Con queste parole di speranza termina l'intervista. Baiji si allontana fra gli eucalipti nel rosso tramonto sul fiume, figura romantica nei suoi semplici abiti gandhiani di tela Kadi . Zoppica un po', troppe marce e forse troppa jeep. Qualche bimbo dell'Ashram gli corre dietro rumorosamente. . . ed è già quasi buio.

 

Autosufficienza e cooperazione

Il pianeta India: alcune grandi megalopoli e una galassia di 700.000 villaggi. Il villaggio indiano celebrato dai sociologi britannici del periodo romantico come una specie di utopia tradotta in realtà, studiato a lungo da Marx è il fulcro della visione di una società decentrata e a basso consumo energetico, maturata in Gandhi nei primi decenni del secolo.

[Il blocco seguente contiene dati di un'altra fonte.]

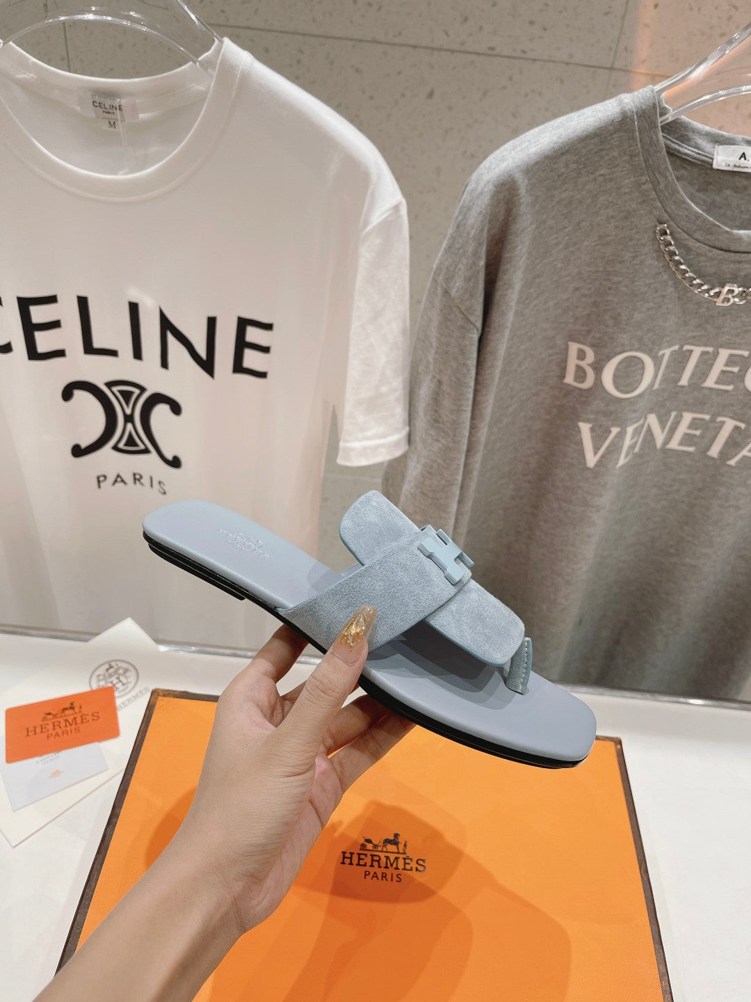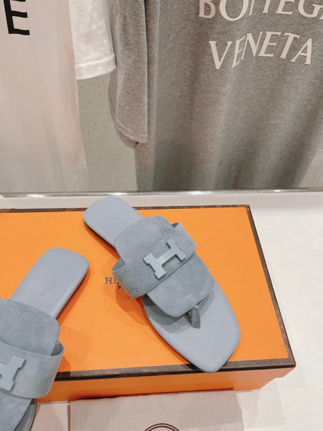 CLASSIC H BUCKLE SANDALS PASTEL BLUE LAMBSKIN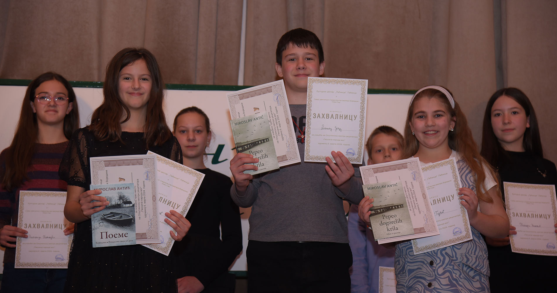 Свих деветоро рецитатора пласирали су се на виши ранг такмичења и они ће представљати општину Пећинци на Зонској смотри рецитатора која се одржава у Сремској Митровици 16. и 17. марта у организацији Установе за неговање културе „Срем“ и Савеза уметничког стваралаштва аматера Војводине.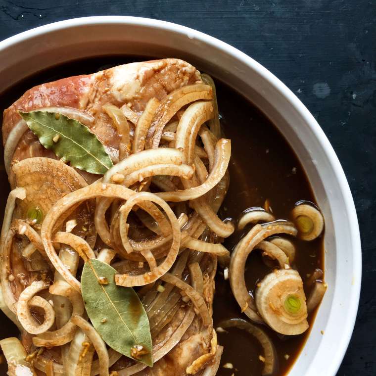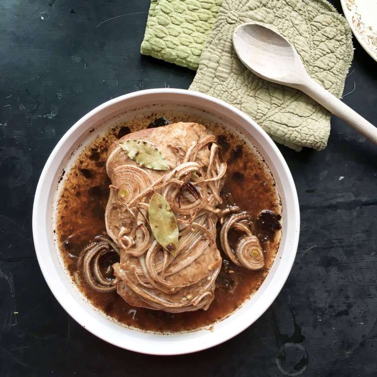 The recipe calls for a large roast 6-7 lbs., but you can also easily cut all the ingredients in half, and make a smaller 3lb version if you aren’t feeding as many people during these days of quarantine. Like Thanksgiving turkey, this makes a wonderfully delicious dinner that has all sorts of potential and possibilities when it comes to serving. I’ll talk about that in a minute, but first here’s the recipe, so that you can get to marinating already.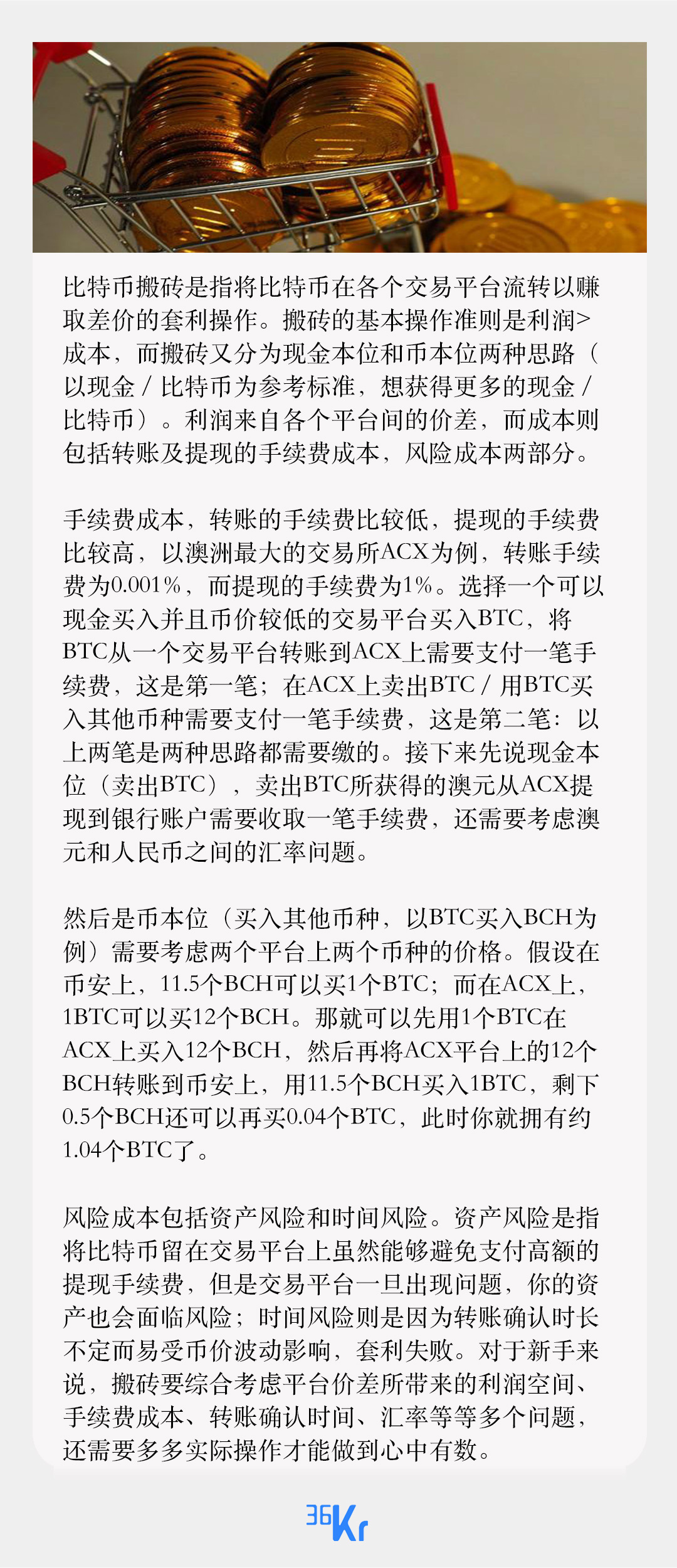 比特币搬砖是指将比特币在各个交易平台流转以赚取差价的套利操作。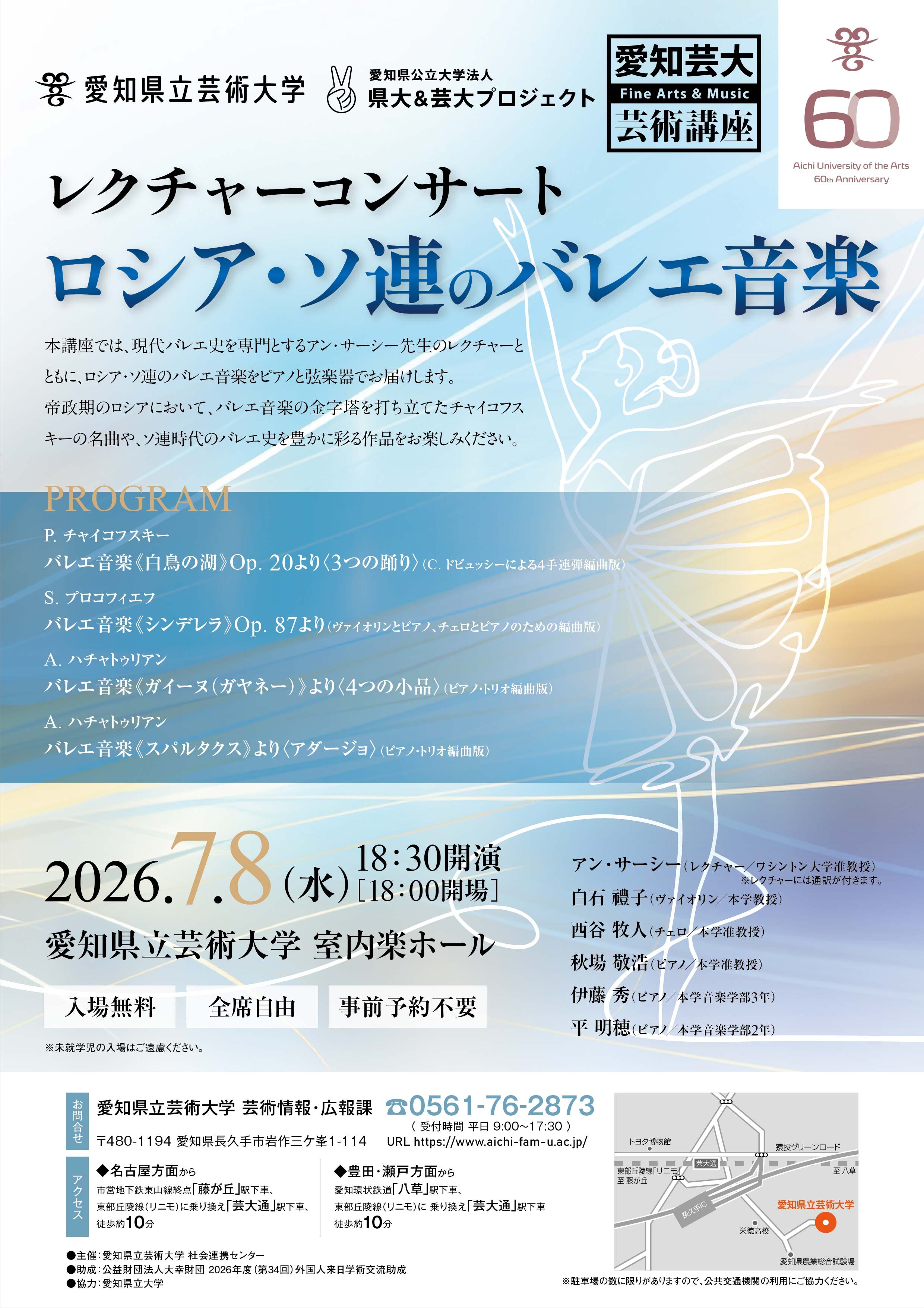 愛知県立芸術大学芸術講座レクチャーコンサート 《ロシア・ソ連のバレエ音楽》の開催について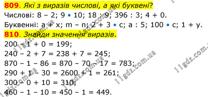 809. Які з виразів числові, а які буквені? Числові: 8 – 2; 9 • 10; 18 : 9; 396 : 3; 4 + 0. Буквенні: а + х; m – n; 2 + 3 • с; а : 5; 100 • с; 1 + у. 810. Знайди значення виразів. 200 – 1 + 0 = 199; 240 – 2 + 7 = 238 + 7 = 245; 870 – 1 – 86 = 870 – 70 – 17 = 783; 290 + 1 – 30 = 2600 + 1 = 261; 300 – 0 + 10 = 310; 460 – 1 – 10 = 450 – 1 = 449.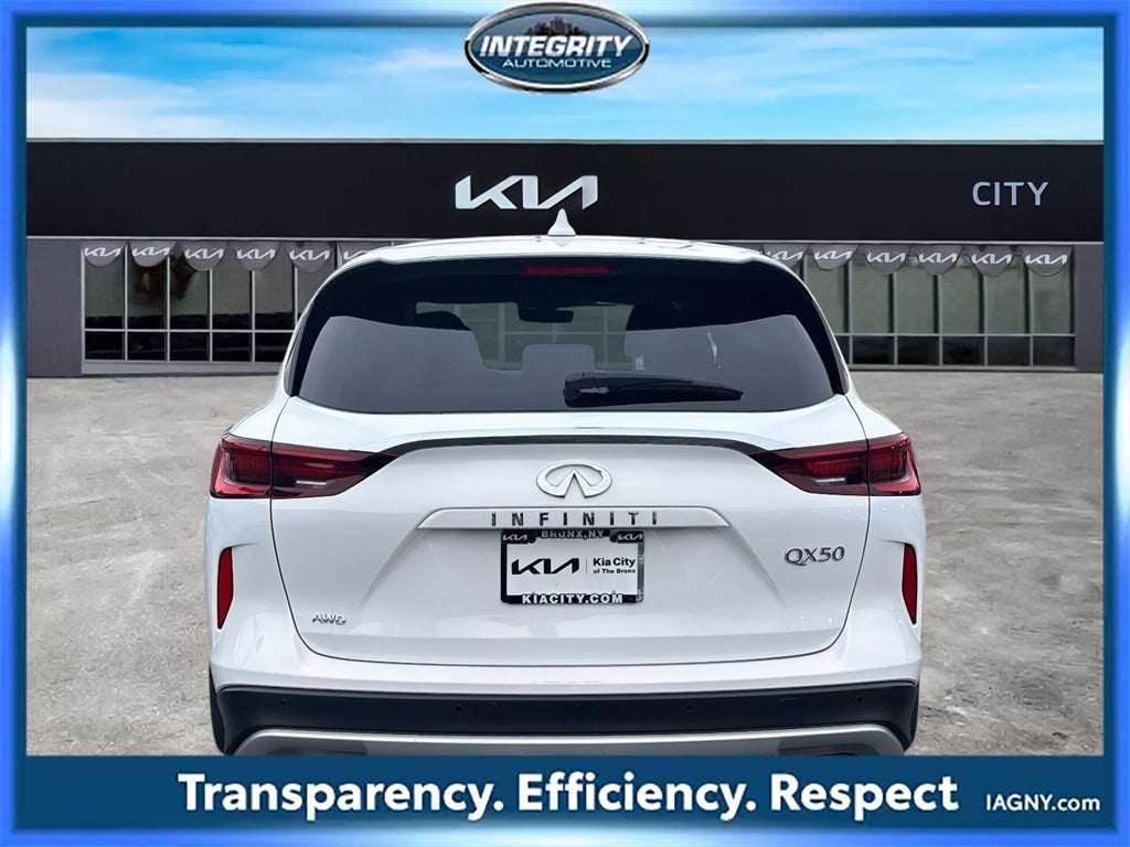 Our Service Department is located at 700 Waverly Ave, Mamaroneck, NY. Call 914-677-2854. Walk-ins welcome! CARFAX One-Owner. Lunar White 2023 INFINITI QX50 PURE 22/28 City/Highway MPG.

Negli scritti di Gandhi la testimonianza dei suoi sforzi per dare il massimo potere al villaggio rurale indiano.


Verità e non violenza costituiscono le fondamenta della mia concezione di ordine. Il nostro primo dovere è di non essere un peso per la società, cioè dovremmo essere autosufficienti. Da questo punto di vista la stessa autosufficienza è una forma di servizio. Dopo essere diventati autosufficienti useremo il nostro tempo libero al servizio d'altri. Se tutti diventano autosufficienti nessuno sarà più in difficoltà. In tale stato di cose non ci sarà bisogno di servire nessuno. Ma non abbiamo ancora raggiunto questo stadio e perciò dobbiamo pensare ai servizi sociali. Anche se riuscissimo a realizzare completamente l'autosufficienza, essendo l'uomo un essere sociale, dovremmo accettare il servizio in una forma o nell'altra. Cioè l'uomo è tanto autodipendente, quanto interdipendente. Quando la dipendenza diventa necessaria per mantenere la società in buon ordine, non è più dipendenza, ma diventa cooperazione. C'è la dolcezza nella cooperazione; fra chi coopera non c'è né il debole né il forte. Ciascuno è uguale all'altro. Nella dipendenza c'è un senso di impotenza. I membri di una famiglia sono tanto autodipendenti quanto interdipendenti. Non c'è alcun senso di mio o di tuo. Sono tutti cooperatori.
Così anche quando prendiamo una società, una nazione o l'intera umanità come se fosse una sola famiglia, tutti gli uomini diventano cooperatori. Se riusciamo ad immaginare una cooperazione del genere scopriamo che non ci sarebbe alcun bisogno di appoggiarsi alla macchina senza vita. Invece di fare un uso spropositato delle macchine saremmo capaci di usarle il minimo possibile e in ciò sta la vera sicurezza e autoproduzione della società.
Ciò che intendo per autosufficienza è che i villaggi devono bastare a se stessi per il cibo, il vestiario e le altre necessità fondamentali. Ma anche questo può essere portato all'eccesso. Quindi bisogna comprendere bene la mia idea. Autosufficienza non significa miopia. Essere autosufficienti non significa essere completamente chiusi. In nessuna circostanza saremmo capaci di produrre tutto ciò di cui abbiamo bisogno. Così, anche se il nostro scopo è la completa autosufficienza, dovremmo prendere da fuori ciò che non possiamo produrre nel villaggio. Dei nostri prodotti dovremo produrre più di quello che ci basta per poter ottenere in cambio ciò che non siamo capaci di produrre.
Senza dubbio l'ideale per ogni famiglia è coltivare, filare, tessere ed indossare il proprio cotone, avere a disposizione la propria terra, coltivare il proprio granoturco, cucinarlo o mangiarlo.
Quanto al cibo, l'India è ricca di terre fertili, c'è acqua a sufficienza e non manca la manodopera. Il popolo dovrebbe essere educato a diventare autosufficiente. Quando saprà che deve reggersi sulle proprie gambe, questo elettrizzerà l'atmosfera.
L'India produce più cotone di quello che di cui ha bisogno per le sue necessità. La gente dovrebbe filare e tessere da sola. Dovrebbe produrre il proprio panno Khadi. Il solo fatto di produrre il cibo e il panno per vestirsi, cambia completamente il modo di vedere delle persone.